- **Saved entries**
* * * * *

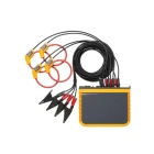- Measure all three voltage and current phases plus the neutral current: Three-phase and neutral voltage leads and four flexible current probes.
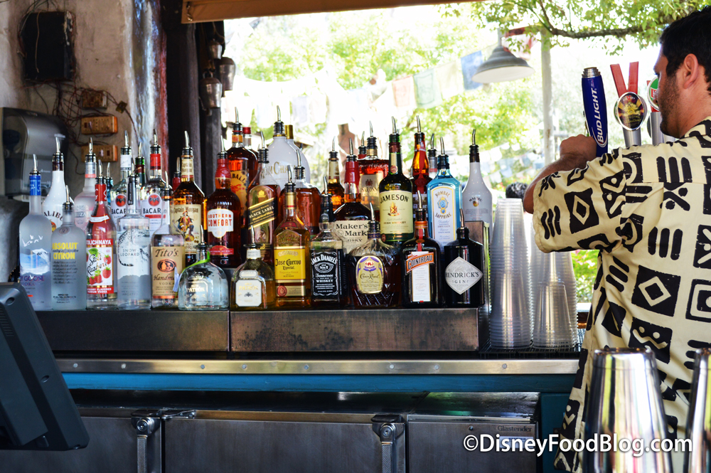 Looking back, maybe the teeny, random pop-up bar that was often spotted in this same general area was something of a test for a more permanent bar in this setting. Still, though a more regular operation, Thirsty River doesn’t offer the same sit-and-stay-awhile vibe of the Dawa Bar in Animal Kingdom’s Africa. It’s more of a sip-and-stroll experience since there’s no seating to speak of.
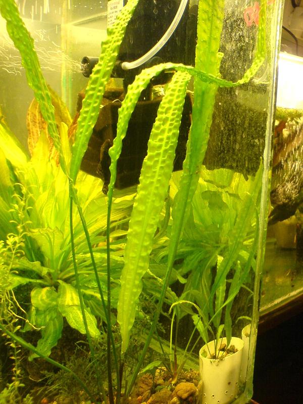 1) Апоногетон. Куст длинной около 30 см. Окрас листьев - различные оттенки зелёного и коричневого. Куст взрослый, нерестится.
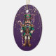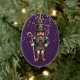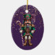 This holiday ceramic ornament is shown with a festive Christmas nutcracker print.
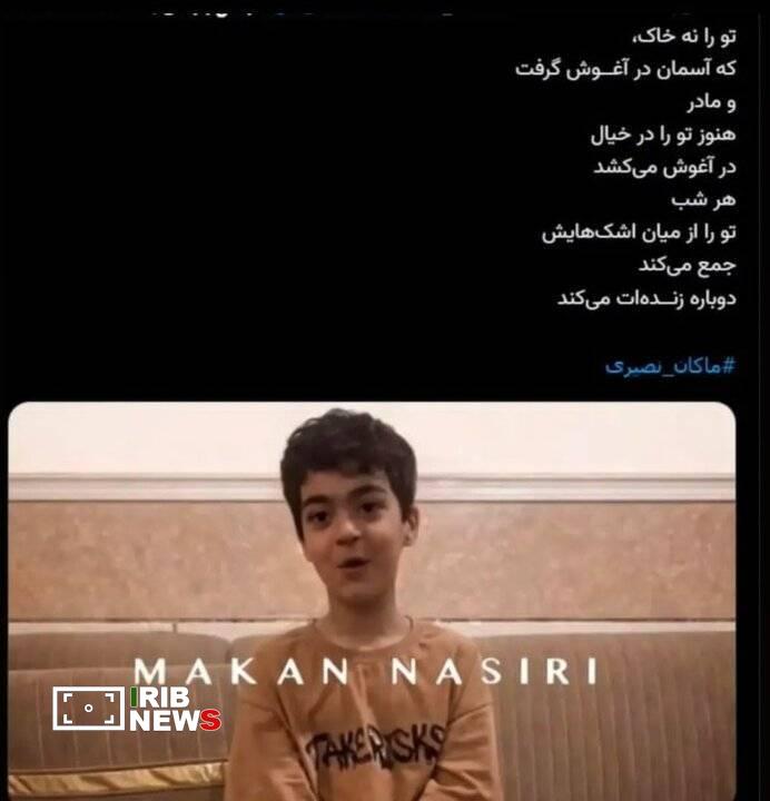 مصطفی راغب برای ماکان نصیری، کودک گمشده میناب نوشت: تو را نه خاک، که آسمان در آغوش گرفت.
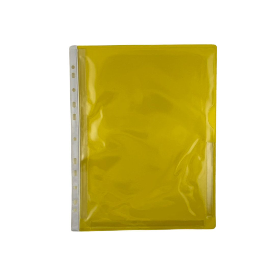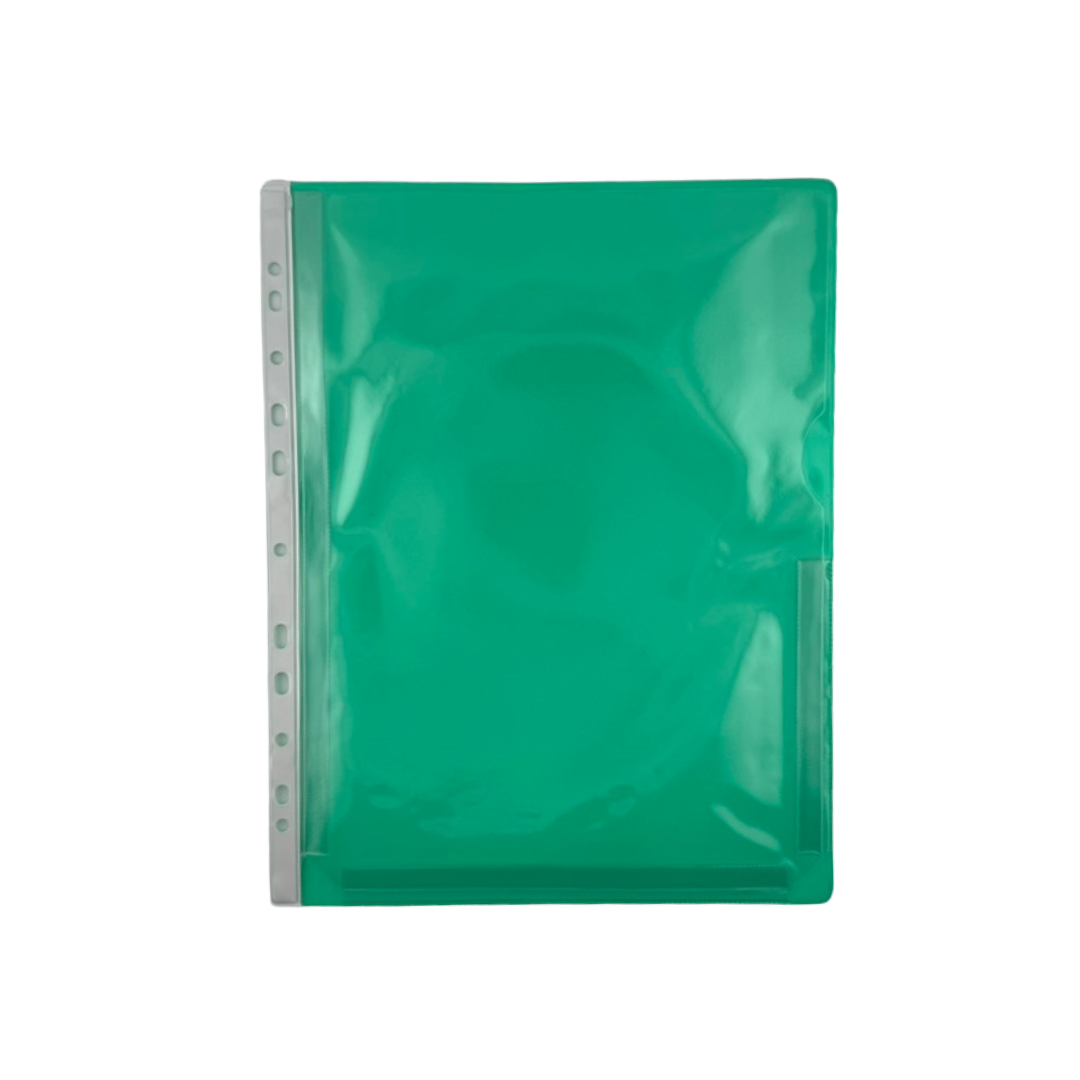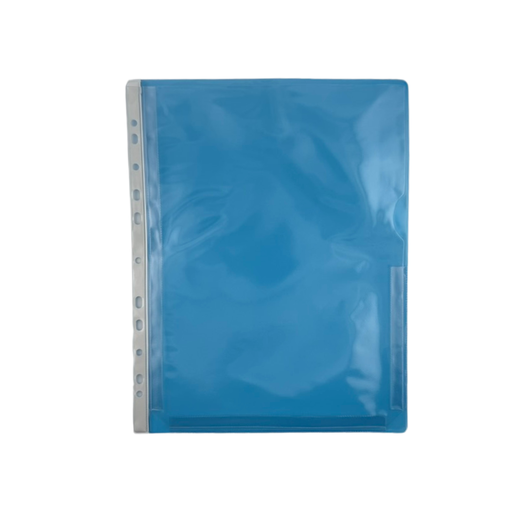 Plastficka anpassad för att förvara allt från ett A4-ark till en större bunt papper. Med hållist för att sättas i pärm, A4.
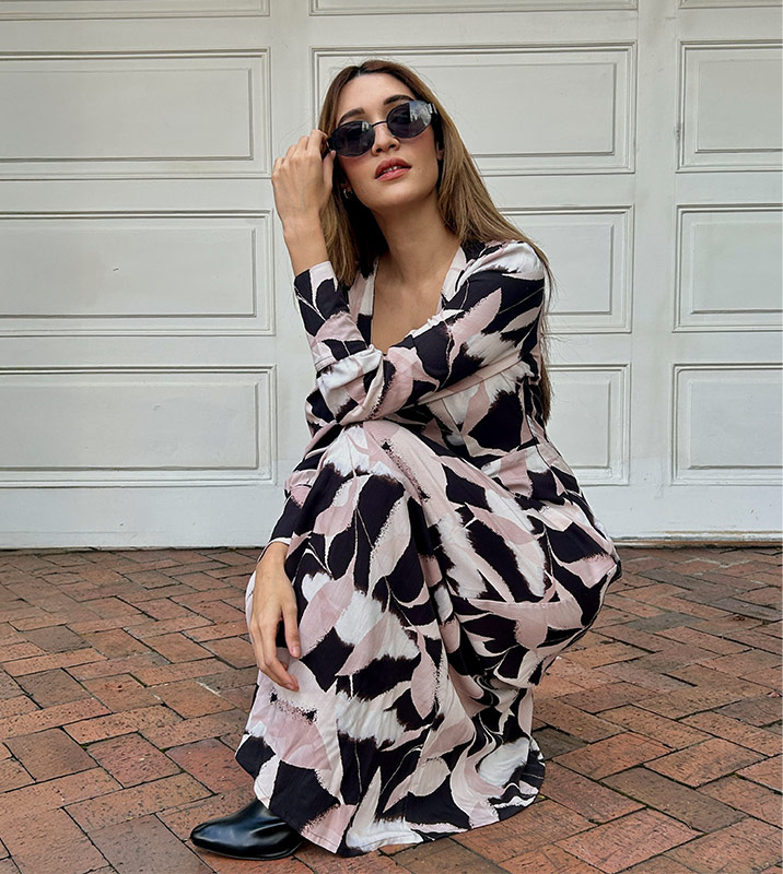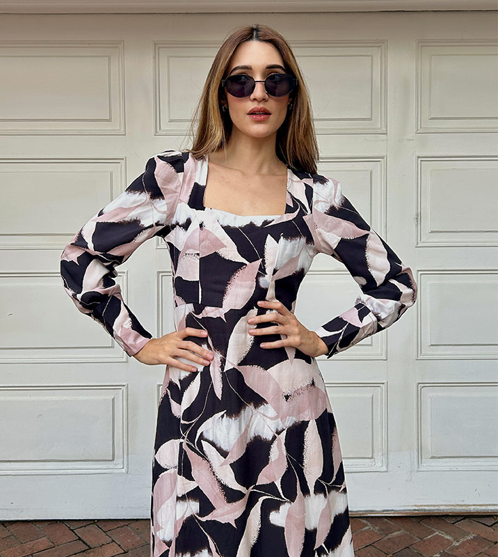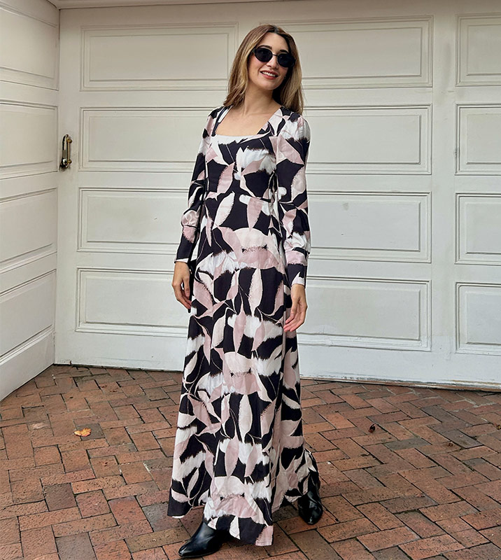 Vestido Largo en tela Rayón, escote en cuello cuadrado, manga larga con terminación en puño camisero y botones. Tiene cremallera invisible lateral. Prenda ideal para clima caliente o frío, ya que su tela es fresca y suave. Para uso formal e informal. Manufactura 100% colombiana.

* * * * *

- **EXERCISE GOAL**
With the pictures stripped out, return each record word for word.

- **SOLVED PROBLEM**
- Measure all three voltage and current phases plus the neutral current: Three-phase and neutral voltage leads and four flexible current probes.
 Looking back, maybe the teeny, random pop-up bar that was often spotted in this same general area was something of a test for a more permanent bar in this setting. Still, though a more regular operation, Thirsty River doesn’t offer the same sit-and-stay-awhile vibe of the Dawa Bar in Animal Kingdom’s Africa. It’s more of a sip-and-stroll experience since there’s no seating to speak of.
 1) Апоногетон. Куст длинной около 30 см. Окрас листьев - различные оттенки зелёного и коричневого. Куст взрослый, нерестится.
 This holiday ceramic ornament is shown with a festive Christmas nutcracker print.
 مصطفی راغب برای ماکان نصیری، کودک گمشده میناب نوشت: تو را نه خاک، که آسمان در آغوش گرفت.
 Plastficka anpassad för att förvara allt från ett A4-ark till en större bunt papper. Med hållist för att sättas i pärm, A4.
 Vestido Largo en tela Rayón, escote en cuello cuadrado, manga larga con terminación en puño camisero y botones. Tiene cremallera invisible lateral. Prenda ideal para clima caliente o frío, ya que su tela es fresca y suave. Para uso formal e informal. Manufactura 100% colombiana.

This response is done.